* **Your assignment**: Below is a listing. Set down exactly the lines from the one containing "Kök zümrüt ve" through the one containing "Stylish woman in", both ends included, and leave out the rest.

* **Source data**:
BEGIN
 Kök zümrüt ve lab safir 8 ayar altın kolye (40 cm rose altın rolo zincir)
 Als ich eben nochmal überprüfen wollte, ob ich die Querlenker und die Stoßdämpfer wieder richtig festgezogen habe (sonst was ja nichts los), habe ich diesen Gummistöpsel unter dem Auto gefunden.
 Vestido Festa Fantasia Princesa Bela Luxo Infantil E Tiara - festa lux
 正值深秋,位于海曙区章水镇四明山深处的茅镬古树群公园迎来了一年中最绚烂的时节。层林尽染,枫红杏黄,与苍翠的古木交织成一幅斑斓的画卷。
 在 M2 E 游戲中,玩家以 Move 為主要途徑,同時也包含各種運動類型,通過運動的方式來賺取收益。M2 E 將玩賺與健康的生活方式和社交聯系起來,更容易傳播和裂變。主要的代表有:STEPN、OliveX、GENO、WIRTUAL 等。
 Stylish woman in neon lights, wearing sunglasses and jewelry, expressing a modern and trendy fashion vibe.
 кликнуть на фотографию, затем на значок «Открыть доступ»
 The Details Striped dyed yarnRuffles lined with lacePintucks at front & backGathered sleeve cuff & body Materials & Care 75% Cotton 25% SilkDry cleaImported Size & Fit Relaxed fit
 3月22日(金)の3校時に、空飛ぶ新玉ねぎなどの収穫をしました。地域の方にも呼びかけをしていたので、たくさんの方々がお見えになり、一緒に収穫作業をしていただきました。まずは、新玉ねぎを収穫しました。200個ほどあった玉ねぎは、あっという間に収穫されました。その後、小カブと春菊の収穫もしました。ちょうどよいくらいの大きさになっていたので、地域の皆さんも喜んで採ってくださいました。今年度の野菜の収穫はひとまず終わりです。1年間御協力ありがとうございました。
END
BEGIN
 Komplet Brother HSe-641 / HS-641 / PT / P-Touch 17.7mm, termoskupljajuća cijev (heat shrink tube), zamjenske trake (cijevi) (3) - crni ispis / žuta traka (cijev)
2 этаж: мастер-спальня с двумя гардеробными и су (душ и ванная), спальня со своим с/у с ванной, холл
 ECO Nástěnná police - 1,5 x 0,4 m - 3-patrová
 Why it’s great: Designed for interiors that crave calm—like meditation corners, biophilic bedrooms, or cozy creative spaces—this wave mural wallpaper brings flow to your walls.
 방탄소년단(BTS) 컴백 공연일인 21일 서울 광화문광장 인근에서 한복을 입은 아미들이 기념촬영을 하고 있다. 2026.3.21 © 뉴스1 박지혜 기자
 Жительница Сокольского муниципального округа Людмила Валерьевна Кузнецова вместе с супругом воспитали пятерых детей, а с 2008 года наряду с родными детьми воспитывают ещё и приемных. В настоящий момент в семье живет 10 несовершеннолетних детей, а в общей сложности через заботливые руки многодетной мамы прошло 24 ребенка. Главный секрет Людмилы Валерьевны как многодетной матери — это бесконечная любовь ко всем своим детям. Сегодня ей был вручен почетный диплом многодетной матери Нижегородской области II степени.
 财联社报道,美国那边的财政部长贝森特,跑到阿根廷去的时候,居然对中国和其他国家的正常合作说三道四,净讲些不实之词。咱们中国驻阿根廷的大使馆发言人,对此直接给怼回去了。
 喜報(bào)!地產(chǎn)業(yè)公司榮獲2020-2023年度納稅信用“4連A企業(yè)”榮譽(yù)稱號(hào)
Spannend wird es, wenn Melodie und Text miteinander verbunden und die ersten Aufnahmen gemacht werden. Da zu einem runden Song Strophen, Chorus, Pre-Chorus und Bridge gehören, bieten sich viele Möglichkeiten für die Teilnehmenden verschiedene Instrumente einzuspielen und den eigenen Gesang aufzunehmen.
END
BEGIN
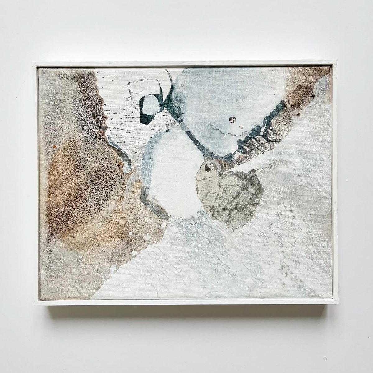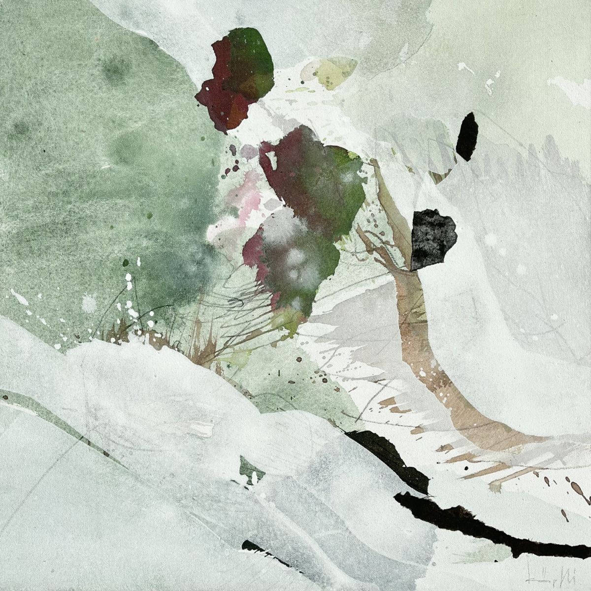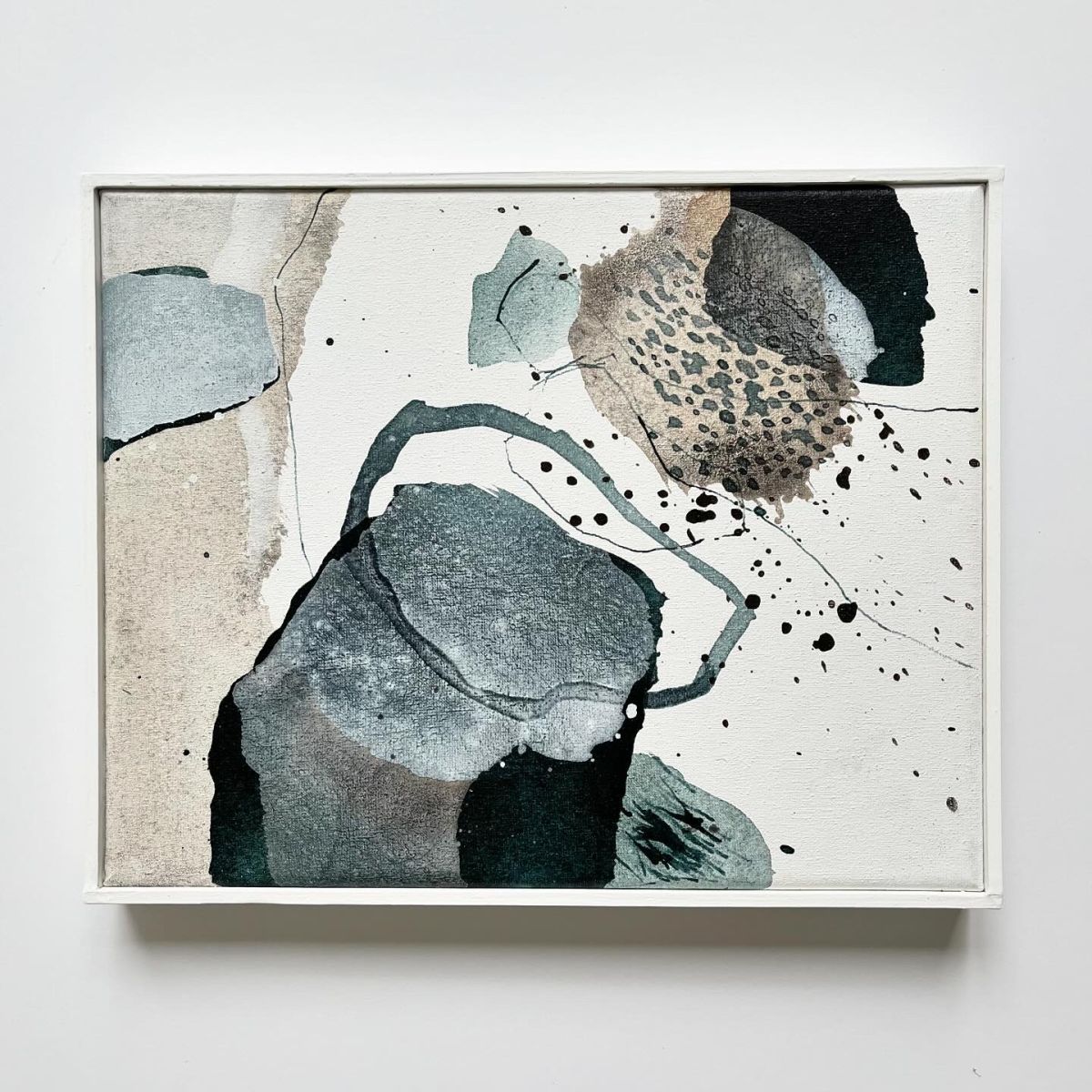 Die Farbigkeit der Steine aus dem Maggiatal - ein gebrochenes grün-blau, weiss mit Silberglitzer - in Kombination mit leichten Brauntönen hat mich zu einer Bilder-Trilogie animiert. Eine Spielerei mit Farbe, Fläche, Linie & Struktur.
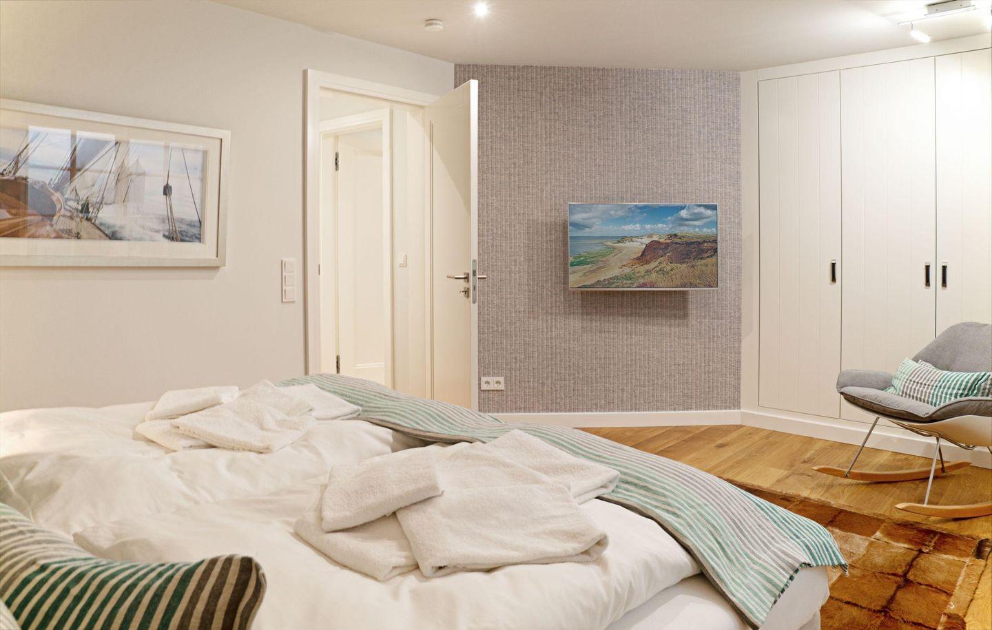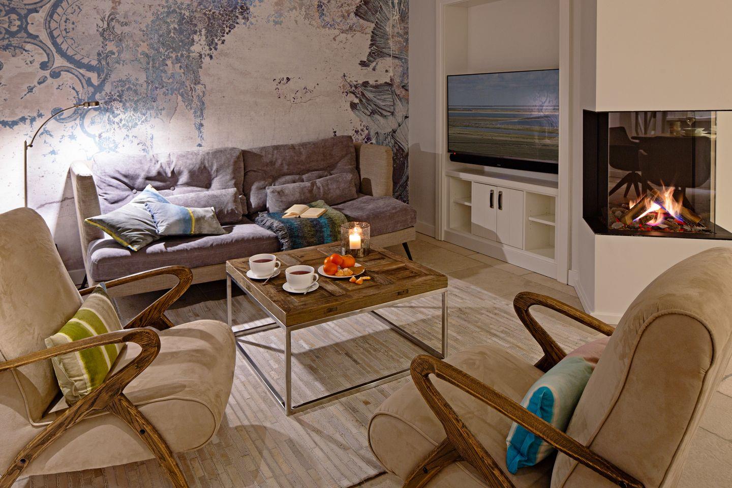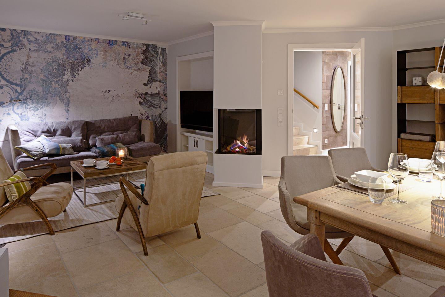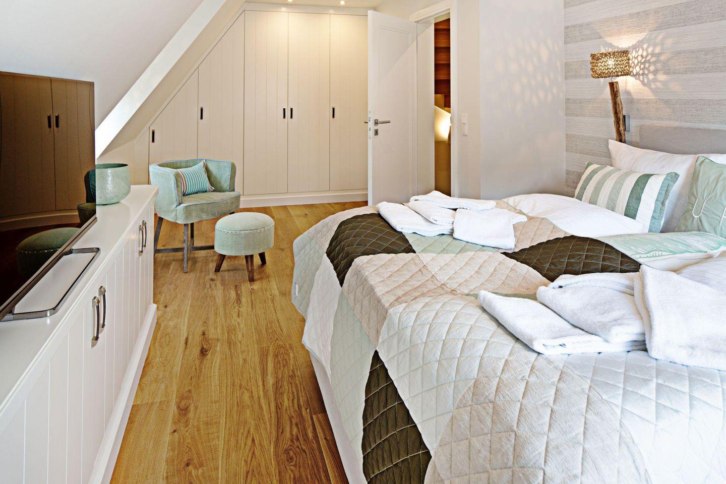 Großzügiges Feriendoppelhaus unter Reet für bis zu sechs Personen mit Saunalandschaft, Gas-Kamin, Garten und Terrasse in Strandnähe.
END
* **Written response**:
 Kök zümrüt ve lab safir 8 ayar altın kolye (40 cm rose altın rolo zincir)
 Als ich eben nochmal überprüfen wollte, ob ich die Querlenker und die Stoßdämpfer wieder richtig festgezogen habe (sonst was ja nichts los), habe ich diesen Gummistöpsel unter dem Auto gefunden.
 Vestido Festa Fantasia Princesa Bela Luxo Infantil E Tiara - festa lux
 正值深秋,位于海曙区章水镇四明山深处的茅镬古树群公园迎来了一年中最绚烂的时节。层林尽染,枫红杏黄,与苍翠的古木交织成一幅斑斓的画卷。
 在 M2 E 游戲中,玩家以 Move 為主要途徑,同時也包含各種運動類型,通過運動的方式來賺取收益。M2 E 將玩賺與健康的生活方式和社交聯系起來,更容易傳播和裂變。主要的代表有:STEPN、OliveX、GENO、WIRTUAL 等。
 Stylish woman in neon lights, wearing sunglasses and jewelry, expressing a modern and trendy fashion vibe.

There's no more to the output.